ACA plans must also cover the following list of preventive services for children with no cost sharing, when services are received from in-network providers.

  1. Alcohol and drug use assessments for adolescents
  2. Autism screening for children at 18 and 24 months
  3. Behavioral assessments for children ages: 0 to 11 months, 1 to 4 years, 5 to 10 years, 11 to 14 years, 15 to 17 years
  4. Blood pressure screening for children ages: 0 to 11 months, 1 to 4 years , 5 to 10 years, 11 to 14 years, 15 to 17 years
  5. Cervical dysplasia screening for sexually active females
  6. Depression screening for adolescents
  7. Developmental screening for children under age 3
  8. Dyslipidemia screening for children at higher risk of lipid disorders ages: 1 to 4 years, 5 to 10 years,11 to 14 years, 15 to 17 years
  9. Fluoride chemoprevention supplements for children without fluoride in their water source
  10. Gonorrhea preventive medication for the eyes of all newborns
  11. Hearing screening for all newborns
  12. Height, weight and body mass index (BMI) measurements for children ages: 0 to 11 months, 1 to 4 years, 5 to 10 years, 11 to 14 years, 15 to 17 years
  13. Hematocrit or hemoglobin screening for all children
  14. Hemoglobinopathies or sickle cell screening for newborns
  15. Hepatitis B screening for adolescents at high risk, including adolescents from countries with 2% or more Hepatitis B prevalence, and U.S.-born adolescents not vaccinated as infants and with at least one parent born in a region with 8% or more Hepatitis B prevalence: 11 – 17 years.

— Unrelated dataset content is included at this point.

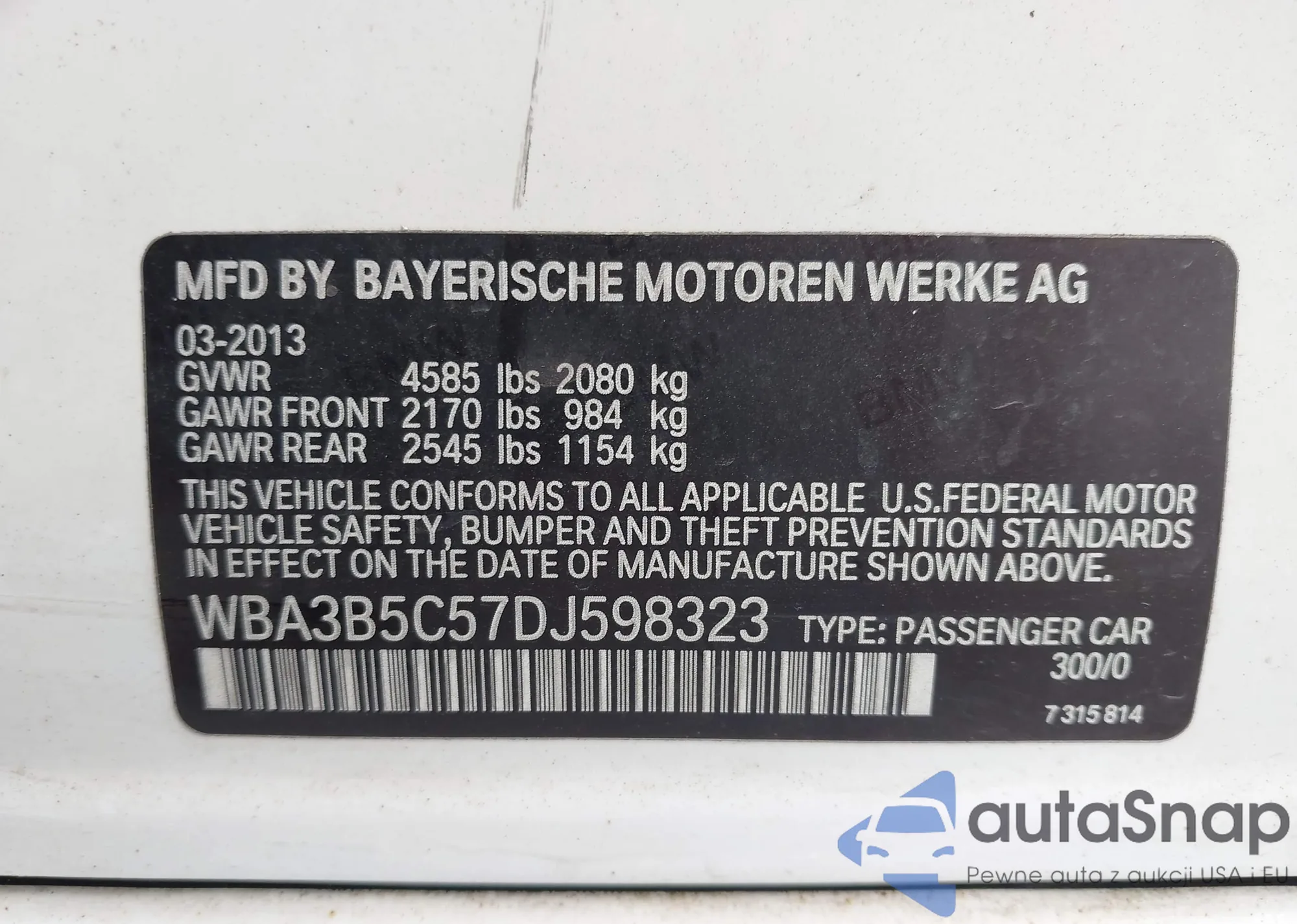 LOT: 43430203 VIN: WBA73AK02M7H06456

  16. HIV screening for adolescents at higher risk
  17. Hypothyroidism screening for newborns
  18. Immunization vaccines for children from birth to age 18 — doses, recommended ages, and recommended populations vary and include vaccines for whooping cough, measles, chickenpox, and much more.
  19. Iron supplements for children ages 6 to 12 months at risk for anemia
  20. Lead screening for children at risk of exposure
  21. Medical history for all children throughout development ages: 0 to 11 months, 1 to 4 years , 5 to 10 years , 11 to 14 years , 15 to 17 years
  22. Obesity screening and counseling
  23. Oral health risk assessment for young children ages: 0 to 11 months, 1 to 4 years, 5 to 10 years
  24. Phenylketonuria (PKU) screening for newborns
  25. Sexually transmitted infection (STI) prevention counseling and screening for adolescents at higher risk
  26. Tuberculin testing for children at higher risk of tuberculosis ages: 0 to 11 months, 1 to 4 years, 5 to 10 years, 11 to 14 years, 15 to 17 years
  27. Vision screening for all children

That’s a lot of preventive services that are covered at no cost to your clients, when they use in-network providers. Clearly, this long list of covered preventive benefits is not only something that they need to know about and take advantage of but also something that can help you sell the value of the plan. Will your clients suddenly be happy after reviewing the list of preventive services? Probably not. But they might be less unhappy, and anything you can do to improve the perceived value of the health plan that they’re likely paying hundreds of dollars per month for is a good thing. Client education goes a long way and will help differentiate you from many of your competitors.